● What is being asked
Output exactly, and only, the stretch of lines beginning at the line with "华容县国土资源局公共预算财政拨款基本支出决算明细表" and ending at the last line of the listing below. Drop the pictures.
==========
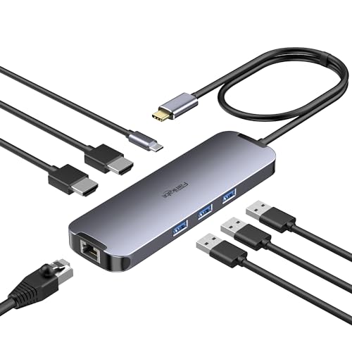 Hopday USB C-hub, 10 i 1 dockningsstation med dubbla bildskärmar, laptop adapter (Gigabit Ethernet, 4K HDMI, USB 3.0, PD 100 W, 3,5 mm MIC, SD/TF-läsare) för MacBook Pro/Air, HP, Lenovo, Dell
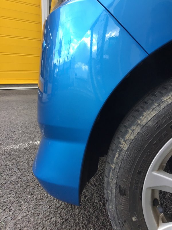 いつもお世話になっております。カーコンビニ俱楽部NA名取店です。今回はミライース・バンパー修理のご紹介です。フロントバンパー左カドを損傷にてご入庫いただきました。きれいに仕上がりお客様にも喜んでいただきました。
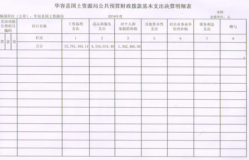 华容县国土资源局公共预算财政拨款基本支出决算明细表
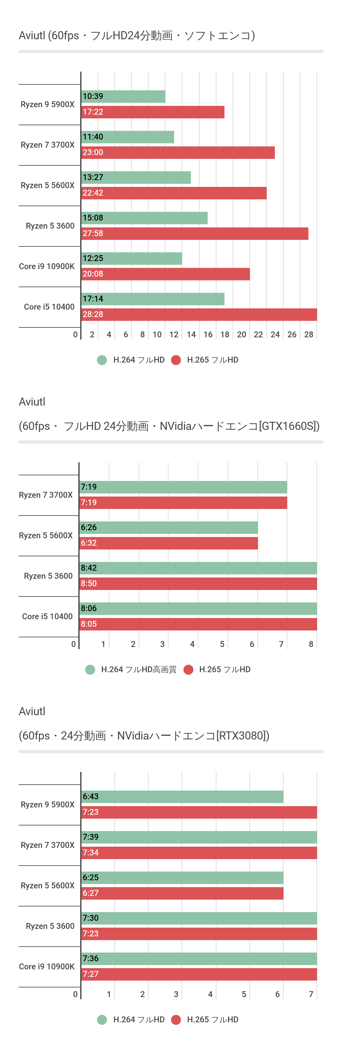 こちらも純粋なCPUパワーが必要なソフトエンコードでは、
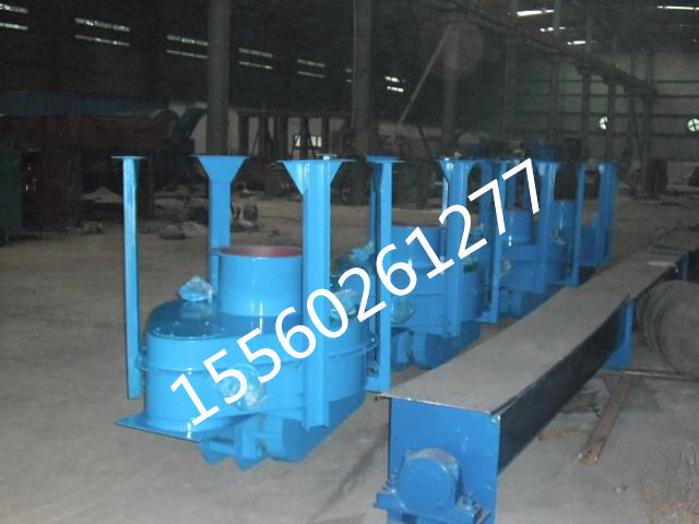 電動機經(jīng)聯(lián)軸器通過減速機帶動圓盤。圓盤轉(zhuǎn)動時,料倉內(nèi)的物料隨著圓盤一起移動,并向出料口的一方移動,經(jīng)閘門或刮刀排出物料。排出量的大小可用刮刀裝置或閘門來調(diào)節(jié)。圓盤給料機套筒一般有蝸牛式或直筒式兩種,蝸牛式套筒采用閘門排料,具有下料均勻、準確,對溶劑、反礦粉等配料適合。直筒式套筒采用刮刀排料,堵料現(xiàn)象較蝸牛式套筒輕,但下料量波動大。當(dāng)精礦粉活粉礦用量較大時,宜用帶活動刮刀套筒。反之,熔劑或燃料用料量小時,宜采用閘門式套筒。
==========
● Result of this task
 华容县国土资源局公共预算财政拨款基本支出决算明细表
 こちらも純粋なCPUパワーが必要なソフトエンコードでは、
 電動機經(jīng)聯(lián)軸器通過減速機帶動圓盤。圓盤轉(zhuǎn)動時,料倉內(nèi)的物料隨著圓盤一起移動,并向出料口的一方移動,經(jīng)閘門或刮刀排出物料。排出量的大小可用刮刀裝置或閘門來調(diào)節(jié)。圓盤給料機套筒一般有蝸牛式或直筒式兩種,蝸牛式套筒采用閘門排料,具有下料均勻、準確,對溶劑、反礦粉等配料適合。直筒式套筒采用刮刀排料,堵料現(xiàn)象較蝸牛式套筒輕,但下料量波動大。當(dāng)精礦粉活粉礦用量較大時,宜用帶活動刮刀套筒。反之,熔劑或燃料用料量小時,宜采用閘門式套筒。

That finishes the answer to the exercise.